Kharkhordin quoted the liberal Russian writer Vissarion Belinsky, who said that in Moscow, people engage in “incessant tea-drinking, take you to supper, then try to marry you off.” Belinsky contrasted this behavior with that of “a young woman who works in a fashion shop in St. Petersburg who is impatient to finish work so she can go out, drink coffee, and engage in social interaction.”

But the city’s European character did not go unchallenged, as Grigorii Kaganov, lead researcher at Moscow’s Institute for the Theory of Architecture and Urban Planning, pointed out in his talk, “St. Petersburg as an Icon of Western Civilization or a Portrait of Russian Civilization?”

Although Peter modeled his capital after Venice and Amsterdam, following the latest theories of town planning, typically Russian influences eventually crept in. In the 19th century, many Russian-style buildings were erected featuring onion domes and other non-Western features. Most of these structures were destroyed during extensive reconstruction efforts in the 1930s, Kaganov said.

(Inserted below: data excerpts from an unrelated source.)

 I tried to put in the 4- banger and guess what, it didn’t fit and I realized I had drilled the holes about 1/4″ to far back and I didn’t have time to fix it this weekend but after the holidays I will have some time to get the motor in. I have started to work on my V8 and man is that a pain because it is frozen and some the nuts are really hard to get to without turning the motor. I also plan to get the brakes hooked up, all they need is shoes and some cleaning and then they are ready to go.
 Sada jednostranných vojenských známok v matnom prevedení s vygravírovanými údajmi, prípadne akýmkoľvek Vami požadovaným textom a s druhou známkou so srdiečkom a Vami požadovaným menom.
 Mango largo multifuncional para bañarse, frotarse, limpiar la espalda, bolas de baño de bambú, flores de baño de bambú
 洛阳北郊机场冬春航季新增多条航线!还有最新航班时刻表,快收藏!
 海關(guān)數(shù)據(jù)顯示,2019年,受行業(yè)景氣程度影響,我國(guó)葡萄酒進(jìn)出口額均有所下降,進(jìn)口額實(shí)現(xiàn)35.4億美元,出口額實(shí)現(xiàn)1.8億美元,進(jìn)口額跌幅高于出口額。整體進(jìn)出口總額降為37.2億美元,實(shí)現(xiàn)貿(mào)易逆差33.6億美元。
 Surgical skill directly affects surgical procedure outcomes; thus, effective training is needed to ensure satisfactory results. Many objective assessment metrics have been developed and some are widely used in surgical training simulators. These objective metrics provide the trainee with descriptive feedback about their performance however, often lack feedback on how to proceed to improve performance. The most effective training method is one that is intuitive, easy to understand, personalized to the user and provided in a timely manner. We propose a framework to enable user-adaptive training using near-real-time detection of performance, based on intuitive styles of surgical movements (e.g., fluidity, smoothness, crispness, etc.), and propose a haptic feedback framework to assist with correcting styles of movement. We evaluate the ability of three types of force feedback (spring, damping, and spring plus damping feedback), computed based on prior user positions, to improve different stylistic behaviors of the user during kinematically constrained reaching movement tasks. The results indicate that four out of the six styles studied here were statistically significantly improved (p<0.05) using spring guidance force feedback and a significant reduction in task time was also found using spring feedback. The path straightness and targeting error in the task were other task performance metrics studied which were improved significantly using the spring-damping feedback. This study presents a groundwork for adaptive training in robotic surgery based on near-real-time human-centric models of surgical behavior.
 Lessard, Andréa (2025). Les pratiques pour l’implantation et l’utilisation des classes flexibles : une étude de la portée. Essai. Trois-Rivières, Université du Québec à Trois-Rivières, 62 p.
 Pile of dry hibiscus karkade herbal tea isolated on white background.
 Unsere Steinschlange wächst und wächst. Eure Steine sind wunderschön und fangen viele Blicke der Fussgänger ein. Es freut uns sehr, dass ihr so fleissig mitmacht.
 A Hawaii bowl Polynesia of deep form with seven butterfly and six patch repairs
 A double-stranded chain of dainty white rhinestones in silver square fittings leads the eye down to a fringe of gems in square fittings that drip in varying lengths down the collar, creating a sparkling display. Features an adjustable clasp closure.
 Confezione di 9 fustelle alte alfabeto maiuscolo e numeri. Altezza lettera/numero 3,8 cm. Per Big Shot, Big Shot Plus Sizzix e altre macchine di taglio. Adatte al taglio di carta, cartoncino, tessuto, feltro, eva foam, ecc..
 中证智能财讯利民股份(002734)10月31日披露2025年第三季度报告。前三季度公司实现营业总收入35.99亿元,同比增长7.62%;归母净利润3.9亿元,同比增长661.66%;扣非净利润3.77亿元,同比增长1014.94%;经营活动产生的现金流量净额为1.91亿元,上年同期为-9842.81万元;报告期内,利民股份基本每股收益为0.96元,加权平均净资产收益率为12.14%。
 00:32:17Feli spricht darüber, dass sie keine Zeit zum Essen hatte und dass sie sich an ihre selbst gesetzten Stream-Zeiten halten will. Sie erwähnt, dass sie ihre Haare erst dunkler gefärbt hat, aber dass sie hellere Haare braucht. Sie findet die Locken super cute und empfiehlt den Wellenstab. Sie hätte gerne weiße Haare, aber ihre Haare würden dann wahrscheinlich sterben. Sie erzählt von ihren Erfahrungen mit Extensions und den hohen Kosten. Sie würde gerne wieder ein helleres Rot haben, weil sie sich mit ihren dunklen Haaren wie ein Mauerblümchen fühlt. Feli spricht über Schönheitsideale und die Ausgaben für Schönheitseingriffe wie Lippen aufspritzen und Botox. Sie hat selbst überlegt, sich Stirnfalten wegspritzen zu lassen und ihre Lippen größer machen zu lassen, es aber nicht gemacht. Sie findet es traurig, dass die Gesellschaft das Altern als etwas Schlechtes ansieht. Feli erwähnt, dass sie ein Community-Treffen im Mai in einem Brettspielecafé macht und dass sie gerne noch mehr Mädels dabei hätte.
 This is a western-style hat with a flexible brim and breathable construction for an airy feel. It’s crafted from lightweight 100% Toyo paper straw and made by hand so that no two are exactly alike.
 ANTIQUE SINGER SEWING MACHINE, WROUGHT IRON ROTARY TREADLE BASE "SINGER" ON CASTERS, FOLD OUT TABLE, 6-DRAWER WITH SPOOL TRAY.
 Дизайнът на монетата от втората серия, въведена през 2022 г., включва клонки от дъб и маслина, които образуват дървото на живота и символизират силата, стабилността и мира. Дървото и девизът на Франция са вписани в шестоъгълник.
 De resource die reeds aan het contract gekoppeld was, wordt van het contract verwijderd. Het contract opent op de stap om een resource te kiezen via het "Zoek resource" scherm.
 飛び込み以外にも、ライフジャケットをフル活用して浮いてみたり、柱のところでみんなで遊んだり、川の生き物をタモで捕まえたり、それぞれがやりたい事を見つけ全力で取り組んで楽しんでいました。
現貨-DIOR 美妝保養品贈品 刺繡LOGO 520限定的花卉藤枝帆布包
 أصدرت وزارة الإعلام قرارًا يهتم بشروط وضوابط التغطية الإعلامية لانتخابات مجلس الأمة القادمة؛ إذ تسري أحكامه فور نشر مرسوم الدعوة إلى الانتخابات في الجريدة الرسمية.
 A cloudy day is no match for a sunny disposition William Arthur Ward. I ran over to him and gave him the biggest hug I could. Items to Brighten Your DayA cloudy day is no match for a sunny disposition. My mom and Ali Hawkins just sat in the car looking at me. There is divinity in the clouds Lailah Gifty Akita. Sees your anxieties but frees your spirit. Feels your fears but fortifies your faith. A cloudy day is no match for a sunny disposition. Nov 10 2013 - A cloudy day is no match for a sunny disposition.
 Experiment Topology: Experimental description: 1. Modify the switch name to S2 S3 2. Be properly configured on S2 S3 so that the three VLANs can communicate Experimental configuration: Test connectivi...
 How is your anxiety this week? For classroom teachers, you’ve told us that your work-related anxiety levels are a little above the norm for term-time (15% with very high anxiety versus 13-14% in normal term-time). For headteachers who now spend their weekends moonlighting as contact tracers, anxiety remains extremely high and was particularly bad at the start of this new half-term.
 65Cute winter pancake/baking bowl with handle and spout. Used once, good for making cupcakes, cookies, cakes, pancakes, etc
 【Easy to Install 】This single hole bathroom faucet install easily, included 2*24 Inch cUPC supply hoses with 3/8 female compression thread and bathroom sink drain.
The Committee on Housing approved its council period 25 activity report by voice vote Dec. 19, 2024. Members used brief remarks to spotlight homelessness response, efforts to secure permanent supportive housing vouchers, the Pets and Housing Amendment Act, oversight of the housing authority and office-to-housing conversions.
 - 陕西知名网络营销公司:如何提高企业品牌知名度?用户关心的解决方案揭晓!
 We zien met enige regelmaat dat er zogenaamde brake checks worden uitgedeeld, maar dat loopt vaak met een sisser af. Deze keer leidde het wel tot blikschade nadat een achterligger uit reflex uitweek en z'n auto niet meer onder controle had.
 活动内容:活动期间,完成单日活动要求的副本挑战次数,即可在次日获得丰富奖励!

What Peter struggled to accomplish through royal decree now seems to be coming about spontaneously under the influence of globalization. St. Petersburg’s tercentennial celebrations are focused not just on Europe, but the world, with a particular emphasis on the commercial aspects of the event.

Julie Buckler, the Harris K. Weston Associate Professor of Slavic Languages and Literatures, said that in preparation for the tercentennial, the government of St. Petersburg has concentrated on attracting foreign investors. A government pamphlet, titled “How to Sell St. Petersburg Most Profitably” suggests that the city “must commodify its monumentality.”

Among the efforts that have been made along these lines is a CD-ROM that allows the viewer to tour Nevsky Prospekt, the city’s principal thoroughfare, utilizing 500 drawings and engraving along with an accompanying hypertext available in multiple languages.

Other projected events include the premier of a musical based on Tolstoy’s “Anna Karenina” and the naming of a minor planet “St. Petersburg 300.”

But despite these efforts at commercialization, St. Petersburg still retains its unique character, a point driven home by Lev Lurie, vice editor in chief of Kalendar, a weekly review of cultural life in St. Petersburg.

In his talk, titled “Ten Ways in Which St. Petersburg Is Different From Any Other Big City,” Lurie pointed out that it is the world’s northernmost large metropolis, that it was built on an island landscape that only came into being in the 15th century, that it has undergone enormous fluctuations in population during its three centuries of existence, that it has been renamed more times than any other city (St. Petersburg, Petrograd, Leningrad, and now St. Petersburg again).

Finally, Lurie reported sadly, “It is the only big city in Europe without an elephant.”